ABOUT THIS TASK:
Each line of the material below is to be written out exactly. Leave out any picture.

SOURCE MATERIAL:
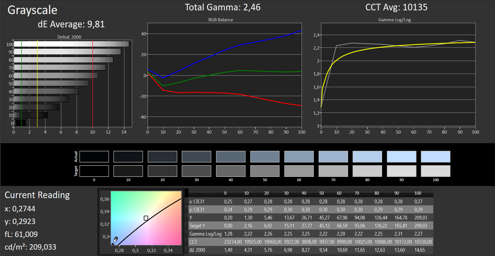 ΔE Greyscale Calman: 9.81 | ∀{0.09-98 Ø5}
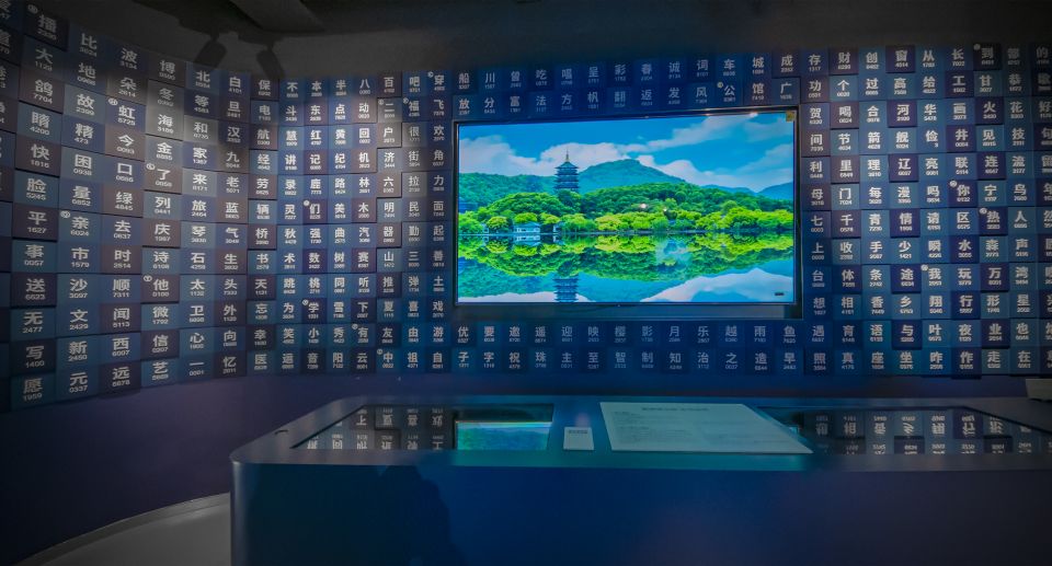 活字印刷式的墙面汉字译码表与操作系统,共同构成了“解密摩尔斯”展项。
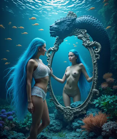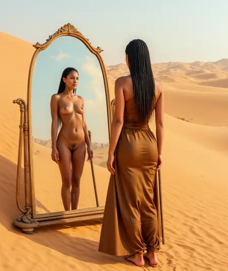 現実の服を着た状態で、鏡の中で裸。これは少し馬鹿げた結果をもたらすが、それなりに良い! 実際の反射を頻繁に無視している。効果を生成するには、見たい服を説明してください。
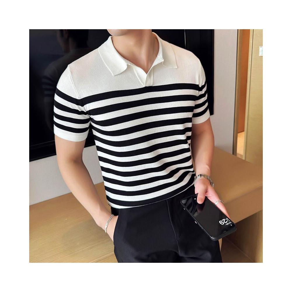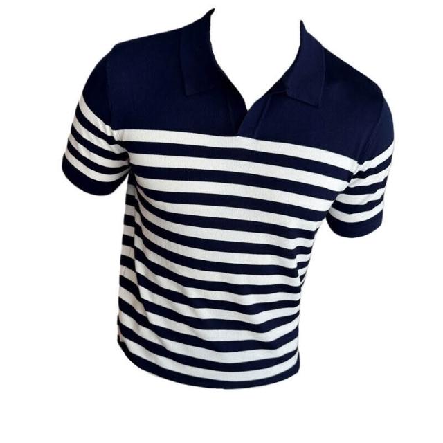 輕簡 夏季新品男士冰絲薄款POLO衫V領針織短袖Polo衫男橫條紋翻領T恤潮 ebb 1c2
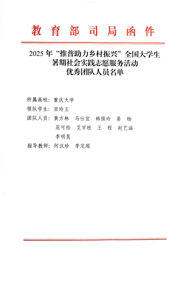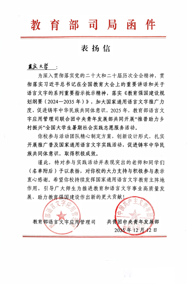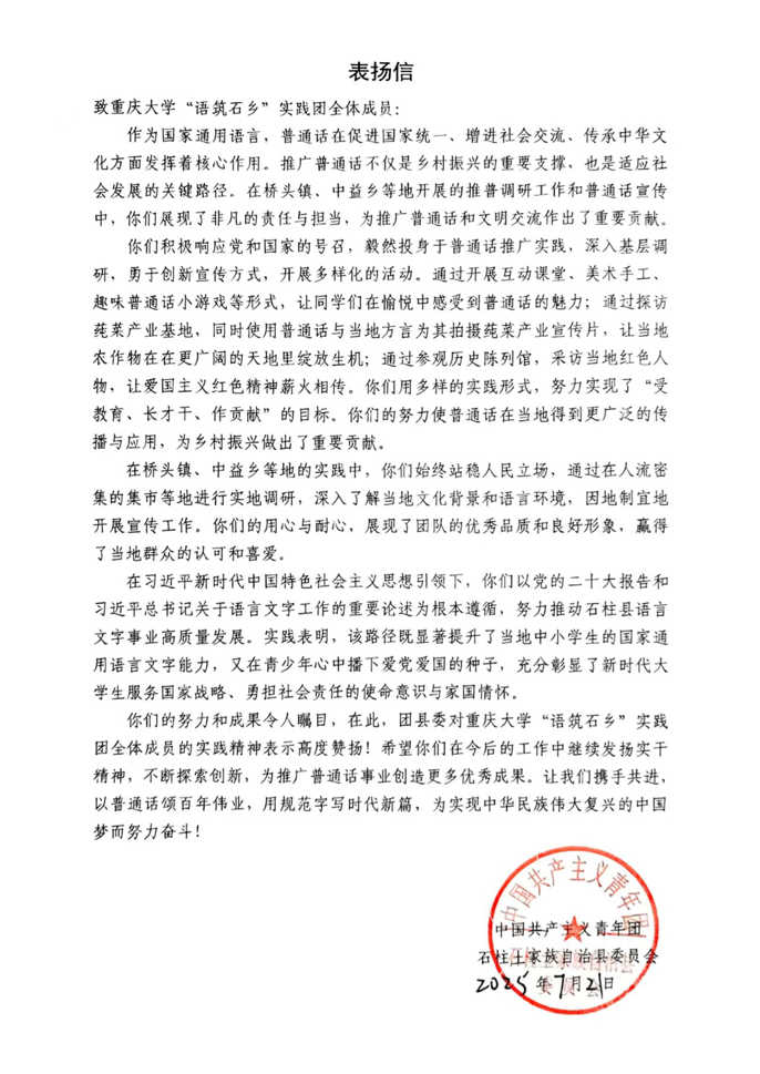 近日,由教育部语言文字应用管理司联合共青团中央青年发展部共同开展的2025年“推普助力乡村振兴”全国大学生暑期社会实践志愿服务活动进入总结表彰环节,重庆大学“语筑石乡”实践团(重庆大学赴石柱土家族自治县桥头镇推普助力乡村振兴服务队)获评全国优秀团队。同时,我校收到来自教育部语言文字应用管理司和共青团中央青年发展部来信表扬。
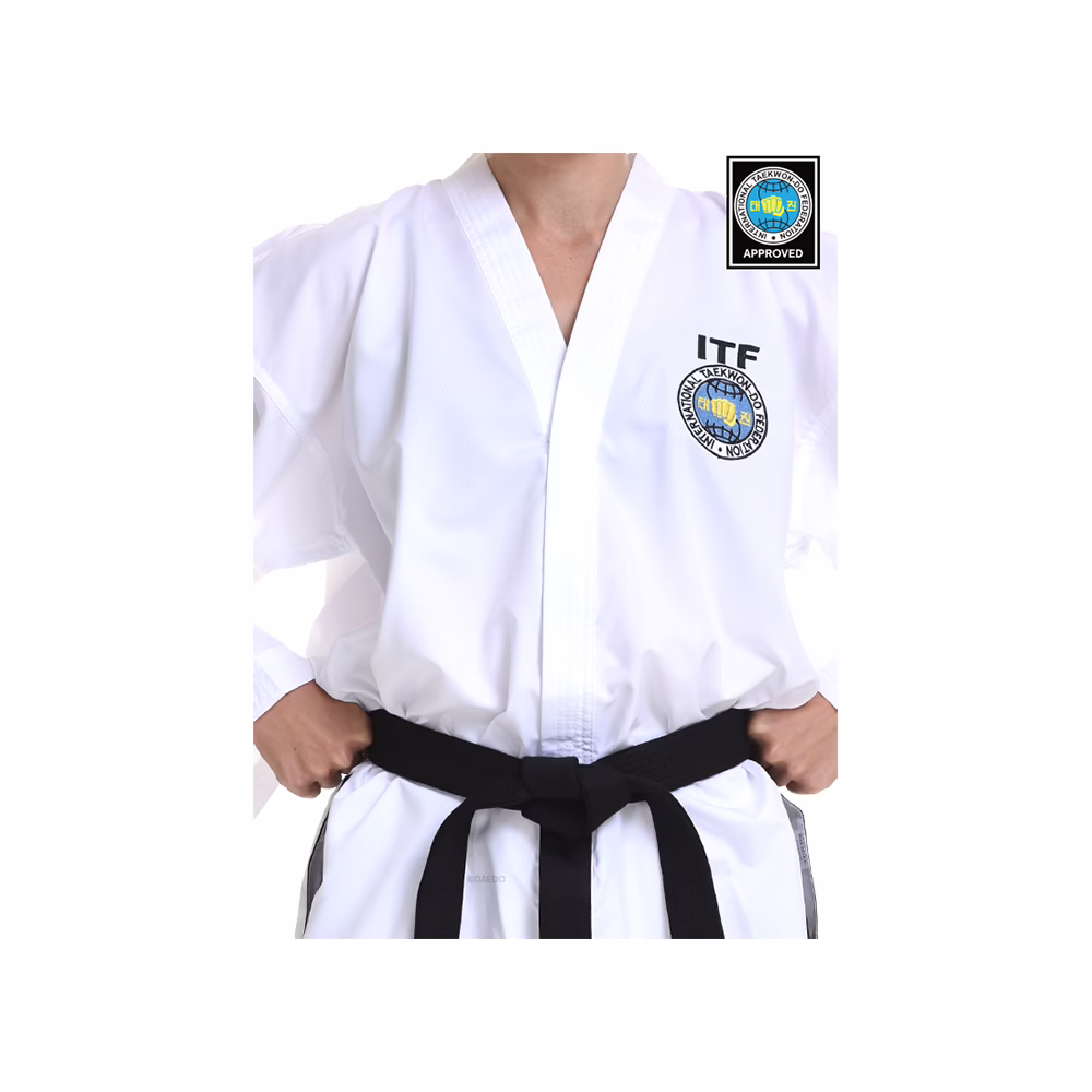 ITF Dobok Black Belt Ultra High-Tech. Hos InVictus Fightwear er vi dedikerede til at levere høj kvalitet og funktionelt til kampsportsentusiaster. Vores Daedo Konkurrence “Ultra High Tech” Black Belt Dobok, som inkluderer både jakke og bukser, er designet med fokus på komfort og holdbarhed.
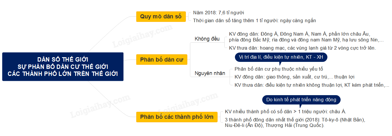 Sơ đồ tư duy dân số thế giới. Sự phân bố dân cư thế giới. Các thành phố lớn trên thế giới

RESPONSE TO THE EXERCISE:
 ΔE Greyscale Calman: 9.81 | ∀{0.09-98 Ø5}
 活字印刷式的墙面汉字译码表与操作系统,共同构成了“解密摩尔斯”展项。
 現実の服を着た状態で、鏡の中で裸。これは少し馬鹿げた結果をもたらすが、それなりに良い! 実際の反射を頻繁に無視している。効果を生成するには、見たい服を説明してください。
 輕簡 夏季新品男士冰絲薄款POLO衫V領針織短袖Polo衫男橫條紋翻領T恤潮 ebb 1c2
 近日,由教育部语言文字应用管理司联合共青团中央青年发展部共同开展的2025年“推普助力乡村振兴”全国大学生暑期社会实践志愿服务活动进入总结表彰环节,重庆大学“语筑石乡”实践团(重庆大学赴石柱土家族自治县桥头镇推普助力乡村振兴服务队)获评全国优秀团队。同时,我校收到来自教育部语言文字应用管理司和共青团中央青年发展部来信表扬。
 ITF Dobok Black Belt Ultra High-Tech. Hos InVictus Fightwear er vi dedikerede til at levere høj kvalitet og funktionelt til kampsportsentusiaster. Vores Daedo Konkurrence “Ultra High Tech” Black Belt Dobok, som inkluderer både jakke og bukser, er designet med fokus på komfort og holdbarhed.
 Sơ đồ tư duy dân số thế giới. Sự phân bố dân cư thế giới. Các thành phố lớn trên thế giới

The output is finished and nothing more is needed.